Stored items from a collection
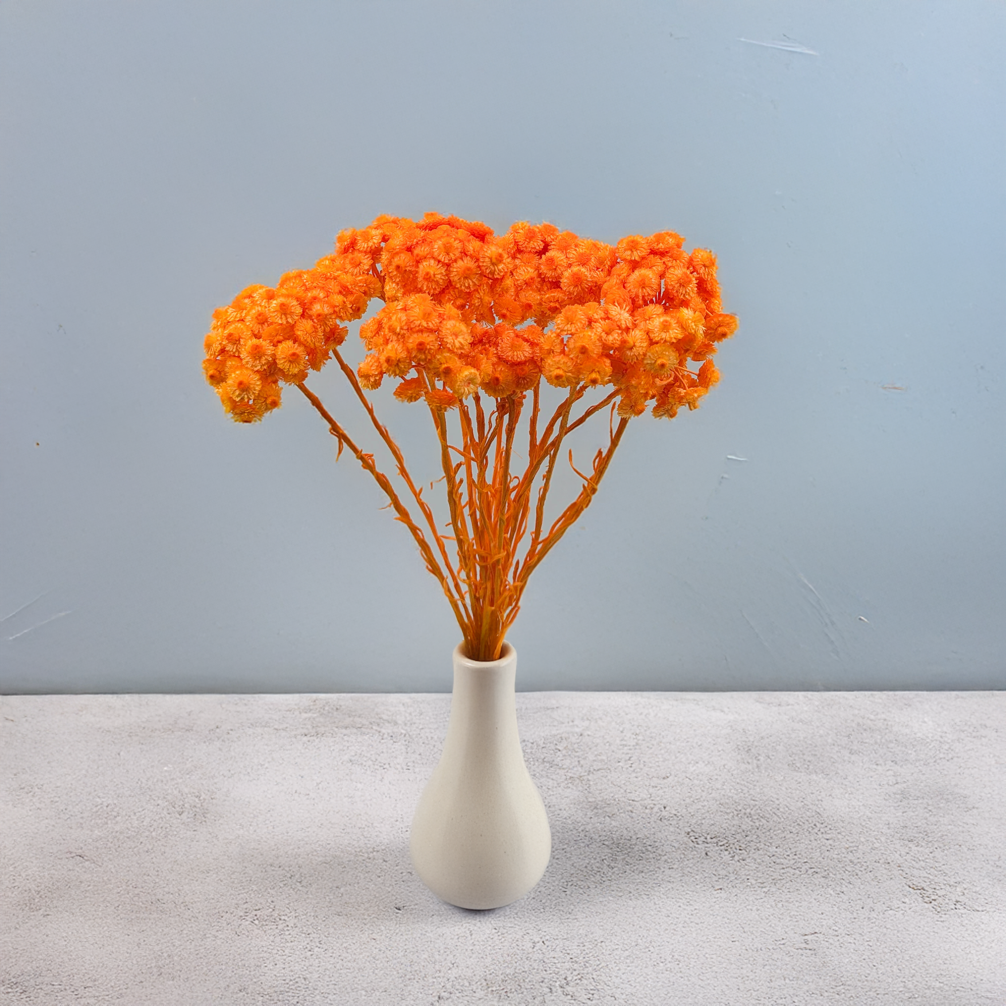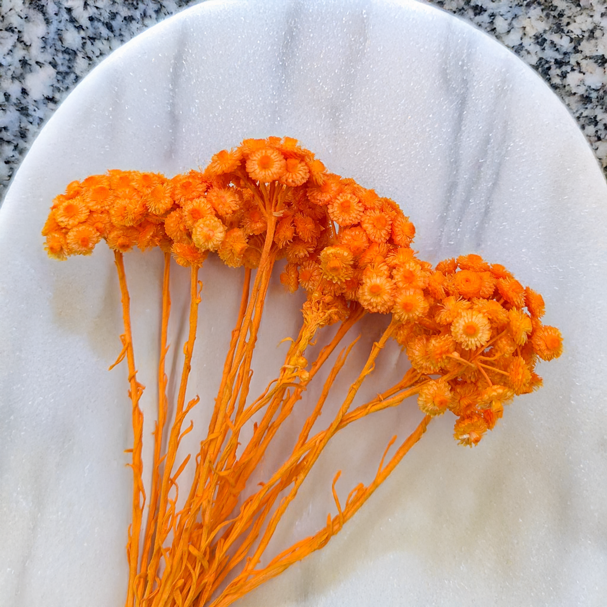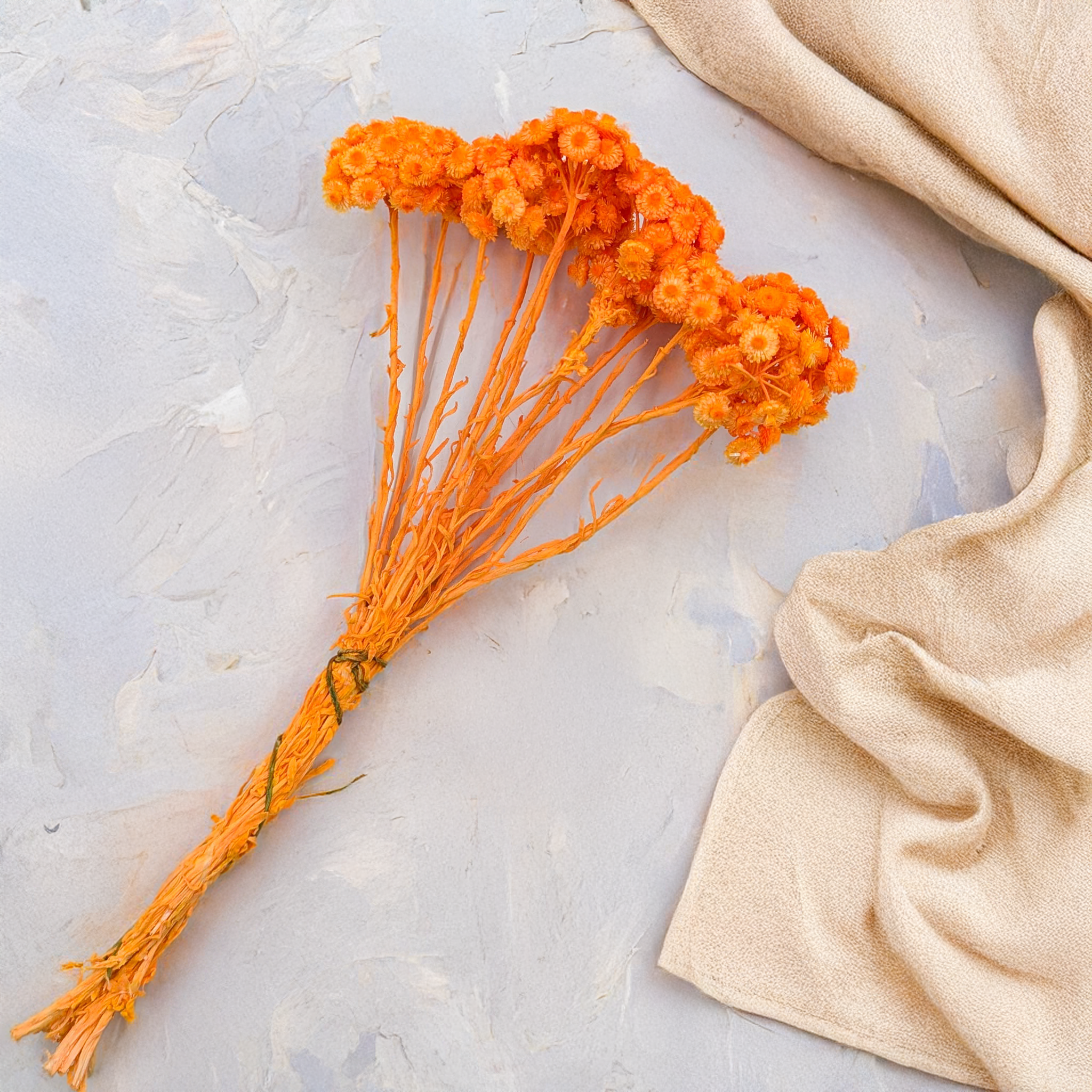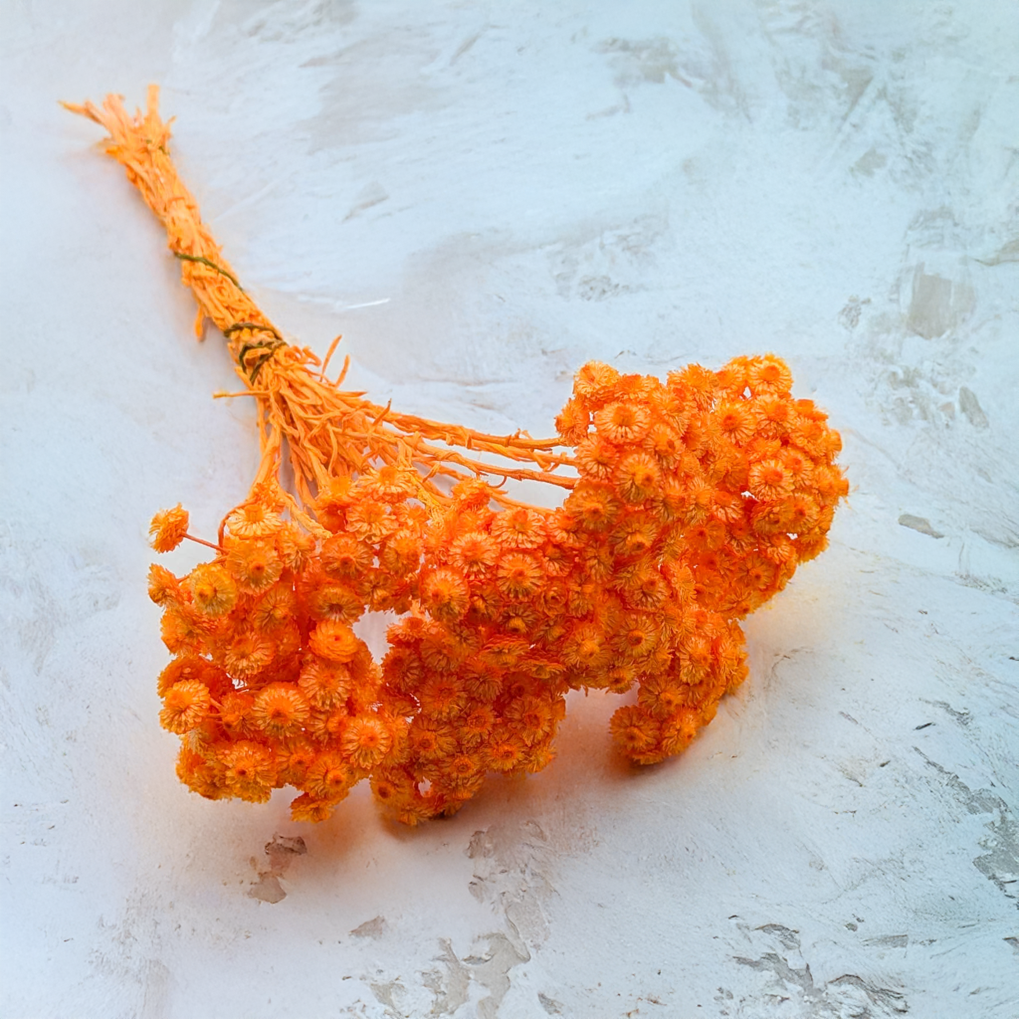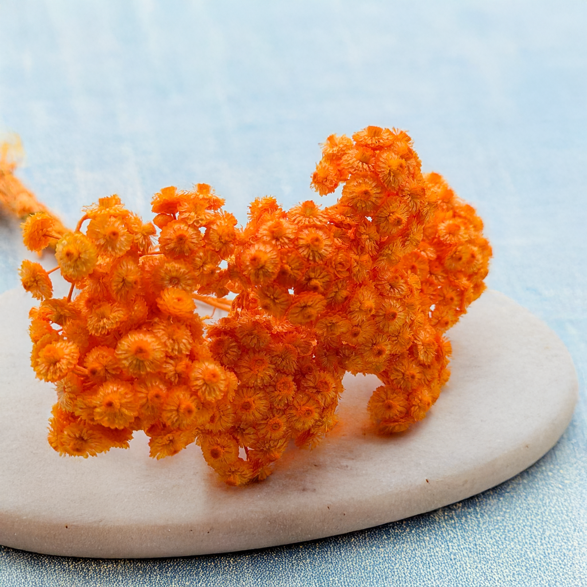 L’hélichryse italienne séchée de couleur orange intense est un accent décoratif qui apporte chaleur, joie et vitalité à tous les espaces. Sa texture sèche et rigide la rend idéale pour des compositions durables et expressives.
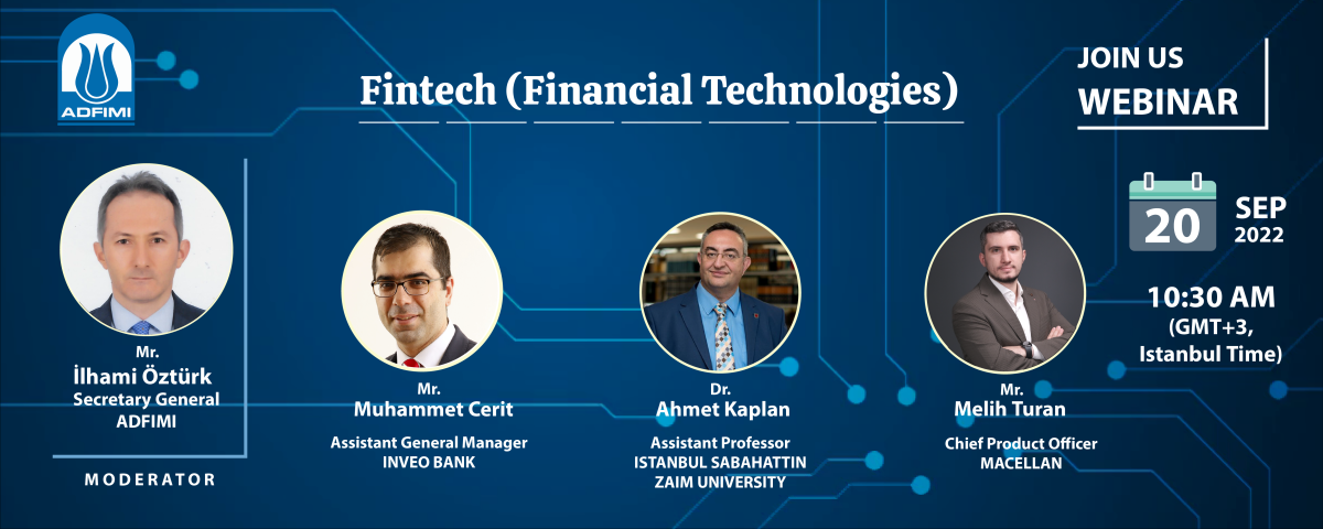 Topic : Fintech (Financial Technologies)Date : 20 September 2022Time : 10:30 AM Istanbul time (GMT+3).Moderator: Mr.İlhami ÖztürkADFIMI, Secretary GeneralPanelists:Muhammet Mustafa CERİT INVEO BANK, Assistant...
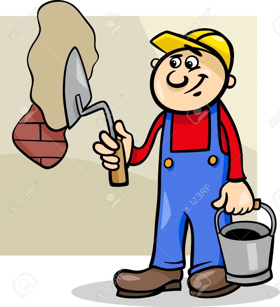 Ilustración De Dibujos Animados De Hombre Trabajador O Trabajador Con La Paleta De Yeso De La Pared De Ladrillo Ilustraciones Vectoriales, Clip Art Vectorizado Libre De Derechos. Image 20483509.
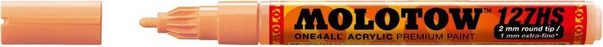Molotow ONE4ALL™ 127HS 2mm Verfstift Kleurnaam: Peach Pastel Deze Molotow ONE4ALL™ 127HS 2mm Marker zijn ideaal voor elke ondergrond. Systeem: Pomp actie, Flowmaster klep voor een actieve verf-flow controle en de gepatenteerde capillaire technologie. Inhoud: One4all verf. De zeer hoog gepigmenteerde acryl gebaseerde hybride verf is gemakkelijk mengbaar met andere One4All kleuren (individuele tinten), het kan worden verdund met water (doorschijnende effecten) of met aceton (voor permanente hechting op vettige oppervlakken). Hij werkt op bijna elke ondergrond, is zijdemat, droogt snel, heeft een ongelooflijke dekking en is absoluut 100% UV-bestendig. Kan worden gebruikt voor beeldende kunst, hobby, industrie en ambacht voor binnen-en buiten toepassing. Perfect op harde materialen (leer, metaal, glas, steen, plastic, boetseerklei, enz.) zoals mobiele telefoons, computers, schoenen, modelbouw etc. Ook geweldig op absorberende oppervlakken (papier, karton, terracotta, hout, enz.) zoals
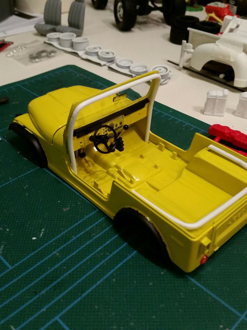 Davewilly Posted September 16, 2015 Posted September 16, 2015 I started on this a while back...had some paint issues ...still dont like it...but I will just make it a trail queen instead of a trailer queen. Working on the roll cage right now and sorting out what I want it to look like....also my first time to try binding the plastic tubing and all so we'll see how it all comes out. Thanks for looking...comments good or bad are welcomed. Dave I made the shifter from a straight pin, seats are from the part box...I lengthened the drive lines and they have sort of working U-joints and a sliding shaft for the increased travel with the lift. mufflers are from the part box..exhaust pipes are made from leftover exhaust form the parts box. did some basic engine details. fuel lines run the the tank to the pump..then pump to carbs. thats about where I am at so far..

→ Assigned task
Omit every picture, then repeat the remaining data exactly as it appears above.

→ Final answer
 L’hélichryse italienne séchée de couleur orange intense est un accent décoratif qui apporte chaleur, joie et vitalité à tous les espaces. Sa texture sèche et rigide la rend idéale pour des compositions durables et expressives.
 Topic : Fintech (Financial Technologies)Date : 20 September 2022Time : 10:30 AM Istanbul time (GMT+3).Moderator: Mr.İlhami ÖztürkADFIMI, Secretary GeneralPanelists:Muhammet Mustafa CERİT INVEO BANK, Assistant...
 Ilustración De Dibujos Animados De Hombre Trabajador O Trabajador Con La Paleta De Yeso De La Pared De Ladrillo Ilustraciones Vectoriales, Clip Art Vectorizado Libre De Derechos. Image 20483509.
Molotow ONE4ALL™ 127HS 2mm Verfstift Kleurnaam: Peach Pastel Deze Molotow ONE4ALL™ 127HS 2mm Marker zijn ideaal voor elke ondergrond. Systeem: Pomp actie, Flowmaster klep voor een actieve verf-flow controle en de gepatenteerde capillaire technologie. Inhoud: One4all verf. De zeer hoog gepigmenteerde acryl gebaseerde hybride verf is gemakkelijk mengbaar met andere One4All kleuren (individuele tinten), het kan worden verdund met water (doorschijnende effecten) of met aceton (voor permanente hechting op vettige oppervlakken). Hij werkt op bijna elke ondergrond, is zijdemat, droogt snel, heeft een ongelooflijke dekking en is absoluut 100% UV-bestendig. Kan worden gebruikt voor beeldende kunst, hobby, industrie en ambacht voor binnen-en buiten toepassing. Perfect op harde materialen (leer, metaal, glas, steen, plastic, boetseerklei, enz.) zoals mobiele telefoons, computers, schoenen, modelbouw etc. Ook geweldig op absorberende oppervlakken (papier, karton, terracotta, hout, enz.) zoals
 Davewilly Posted September 16, 2015 Posted September 16, 2015 I started on this a while back...had some paint issues ...still dont like it...but I will just make it a trail queen instead of a trailer queen. Working on the roll cage right now and sorting out what I want it to look like....also my first time to try binding the plastic tubing and all so we'll see how it all comes out. Thanks for looking...comments good or bad are welcomed. Dave I made the shifter from a straight pin, seats are from the part box...I lengthened the drive lines and they have sort of working U-joints and a sliding shaft for the increased travel with the lift. mufflers are from the part box..exhaust pipes are made from leftover exhaust form the parts box. did some basic engine details. fuel lines run the the tank to the pump..then pump to carbs. thats about where I am at so far..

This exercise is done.